TWENTY Years

We have been married for 20 years.   TWENTY YEARS.

I don’t feel old enough for that to be possible!

But yes, today is our 20th anniversary.  And I really felt like celebrating it this year!  For real.  That is the best feeling ever.

I found this quaint little cabin not too far away with a hot tub that I wanted to rent and have a little get away but hubby shot that idea down cuz it was too expensive.  I disagreed but let it go….  I should have just booked it and then surprised him.

He worked last night of course. We decided to go to breakfast this morning together since evenings are full of baseball games and all sorts of other kid events.

There is a new Bob Evans in our area so we went there and got big yummy breakfast meals.  Then we ran around to do a few errands and came home.  Not very exciting but… it was fun.  And relaxing.  Then we came home and enjoyed each others company a little bit more before he went to sleep :)

I feel secure it my marriage.  I feel happy.  I feel loved.  The other day his jerk side popped out and I was very worried but just went away from him for a while.  The next day I asked him about it and he said knew he wasn’t being OK and explained what he was feeling and we moved on.  Life isn’t prefect.  It never will be.  But I love my husband and he loves me and we have a happy marriage.  It’s been a long time since I’ve been able to say that!

Today, I am PROUD to say that I have been married to this man for 20 years.  (We all know that wasn’t always the case!!!)

When I initially told hubby about the cabin I wanted to rent, he said that he’d be happy just to stay home and cook some burgers on the grill.   I said What is that??  This is 20 years we need to do something more special!!  Ha.

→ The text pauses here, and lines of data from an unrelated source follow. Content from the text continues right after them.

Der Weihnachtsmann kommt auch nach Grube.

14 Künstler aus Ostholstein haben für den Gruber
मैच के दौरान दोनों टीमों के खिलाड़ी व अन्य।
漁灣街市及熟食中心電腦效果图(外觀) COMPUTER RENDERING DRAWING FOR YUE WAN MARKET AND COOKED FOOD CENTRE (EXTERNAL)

Later I was thinking about that and it grew in my mind to having a party.  I thought we could do it a Friday evening – 7:00ish so it would soon get dark and we could enjoy the firepit and some fire works and glow stick on the trampoline (Kids – not me!)….  I picture us inviting both sides of the family and maybe even some friends.  And let the kids invite friends too.  Plus it seems more causal if it is dark out and we aren’t all sitting there in the sunlight wondering what to say to each other… we never get together with both sides of the family so that might be a little weird.  But I think that letting the kids invite friends too makes it all a bit more chaotic and fun and not calm and boring with people not knowing what to say.  I picture burgers on the grill, hot dogs and kraut in the crockpot, potatoe skins in the oven, my mom-in-laws pies, chips, dips, fruit trays and veggies with dip.  My sis-in-law has some lawn games we could borrow.  Hubby’s side of the family likes to drink so we can have coolers with beer and wine coolers, and another with soda.  I want to send people invitations that say “Come help us celebrate our 20th anniversary!”  See, I’m figuring it all out in my head.

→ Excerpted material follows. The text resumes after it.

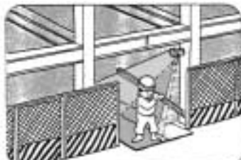
●工事現場・作業現場での照明灯として
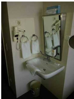
Waschbecken im Zimmer nicht im Sanitärraum

A few days ago I asked him if he meant he wanted to have people over and do burgers…. he said no, I meant just our family…  So he meant just like that’s what he’d like for dinner.  Ha.  He laughed off the idea of a party.

I brought it up again today in the car.  I told him who I wanted to invite etc.  I told him I feel like we are in a good place and have a happy marriage and its been a crazy 20 years and I think we are happier now than for a long long time – maybe ever.  He agreed with the “maybe ever” statement by the way.  :)  I told him I actually feel like celebrating this cuz I’m so happy and proud of us.  He didn’t say a lot but said “let me think about it…..”   I even told him the date I want to have it.  So now, I will wait a few days before I bring it up again.  Obviously if he doesn’t want to, it will not be fun, it will be stressful and something for us to argue about instead of being a celebration so I need to get him on board.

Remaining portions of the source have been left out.